• **Directions for this task**
All of the lines below are to be transcribed faithfully, with pictures excluded from the copy.

• **Collected material**
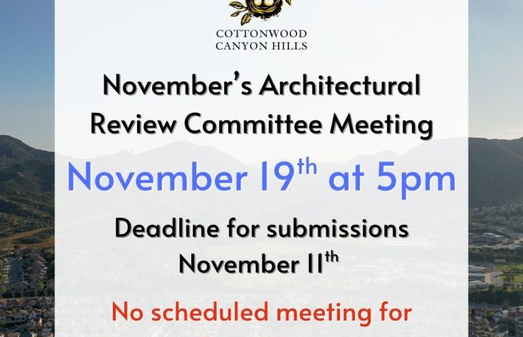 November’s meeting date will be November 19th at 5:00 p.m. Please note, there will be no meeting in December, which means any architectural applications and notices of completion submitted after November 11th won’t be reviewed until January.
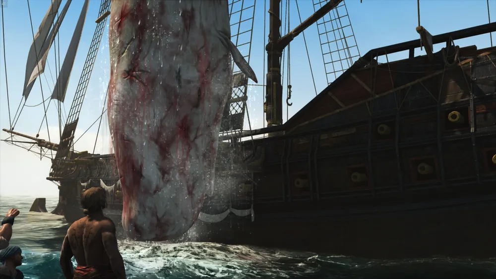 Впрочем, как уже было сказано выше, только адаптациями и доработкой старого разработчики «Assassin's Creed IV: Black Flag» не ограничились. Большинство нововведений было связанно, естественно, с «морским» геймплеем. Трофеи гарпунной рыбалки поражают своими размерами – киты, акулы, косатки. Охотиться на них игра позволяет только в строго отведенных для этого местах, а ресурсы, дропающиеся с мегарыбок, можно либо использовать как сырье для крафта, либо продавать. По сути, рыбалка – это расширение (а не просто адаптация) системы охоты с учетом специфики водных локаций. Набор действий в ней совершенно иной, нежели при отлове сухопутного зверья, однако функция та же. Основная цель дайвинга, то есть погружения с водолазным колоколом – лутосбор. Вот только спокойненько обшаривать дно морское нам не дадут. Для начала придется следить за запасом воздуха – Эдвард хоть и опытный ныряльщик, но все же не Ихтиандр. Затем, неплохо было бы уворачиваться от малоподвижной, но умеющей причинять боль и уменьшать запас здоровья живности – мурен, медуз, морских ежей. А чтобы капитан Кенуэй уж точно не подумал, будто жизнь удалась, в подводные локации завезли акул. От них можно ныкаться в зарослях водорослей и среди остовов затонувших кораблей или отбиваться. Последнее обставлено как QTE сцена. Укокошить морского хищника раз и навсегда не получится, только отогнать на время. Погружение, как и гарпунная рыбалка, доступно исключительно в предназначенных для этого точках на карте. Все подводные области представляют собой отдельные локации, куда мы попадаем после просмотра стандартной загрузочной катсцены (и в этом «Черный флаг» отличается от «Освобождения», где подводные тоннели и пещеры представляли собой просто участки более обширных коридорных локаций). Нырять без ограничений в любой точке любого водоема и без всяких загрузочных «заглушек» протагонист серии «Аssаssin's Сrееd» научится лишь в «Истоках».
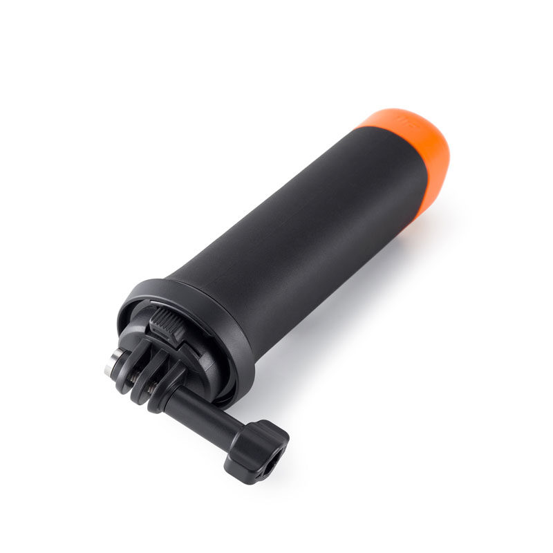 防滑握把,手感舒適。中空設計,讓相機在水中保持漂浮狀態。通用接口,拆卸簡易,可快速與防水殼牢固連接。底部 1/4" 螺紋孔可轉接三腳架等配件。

• **Answer box**
 November’s meeting date will be November 19th at 5:00 p.m. Please note, there will be no meeting in December, which means any architectural applications and notices of completion submitted after November 11th won’t be reviewed until January.
 Впрочем, как уже было сказано выше, только адаптациями и доработкой старого разработчики «Assassin's Creed IV: Black Flag» не ограничились. Большинство нововведений было связанно, естественно, с «морским» геймплеем. Трофеи гарпунной рыбалки поражают своими размерами – киты, акулы, косатки. Охотиться на них игра позволяет только в строго отведенных для этого местах, а ресурсы, дропающиеся с мегарыбок, можно либо использовать как сырье для крафта, либо продавать. По сути, рыбалка – это расширение (а не просто адаптация) системы охоты с учетом специфики водных локаций. Набор действий в ней совершенно иной, нежели при отлове сухопутного зверья, однако функция та же. Основная цель дайвинга, то есть погружения с водолазным колоколом – лутосбор. Вот только спокойненько обшаривать дно морское нам не дадут. Для начала придется следить за запасом воздуха – Эдвард хоть и опытный ныряльщик, но все же не Ихтиандр. Затем, неплохо было бы уворачиваться от малоподвижной, но умеющей причинять боль и уменьшать запас здоровья живности – мурен, медуз, морских ежей. А чтобы капитан Кенуэй уж точно не подумал, будто жизнь удалась, в подводные локации завезли акул. От них можно ныкаться в зарослях водорослей и среди остовов затонувших кораблей или отбиваться. Последнее обставлено как QTE сцена. Укокошить морского хищника раз и навсегда не получится, только отогнать на время. Погружение, как и гарпунная рыбалка, доступно исключительно в предназначенных для этого точках на карте. Все подводные области представляют собой отдельные локации, куда мы попадаем после просмотра стандартной загрузочной катсцены (и в этом «Черный флаг» отличается от «Освобождения», где подводные тоннели и пещеры представляли собой просто участки более обширных коридорных локаций). Нырять без ограничений в любой точке любого водоема и без всяких загрузочных «заглушек» протагонист серии «Аssаssin's Сrееd» научится лишь в «Истоках».
 防滑握把,手感舒適。中空設計,讓相機在水中保持漂浮狀態。通用接口,拆卸簡易,可快速與防水殼牢固連接。底部 1/4" 螺紋孔可轉接三腳架等配件。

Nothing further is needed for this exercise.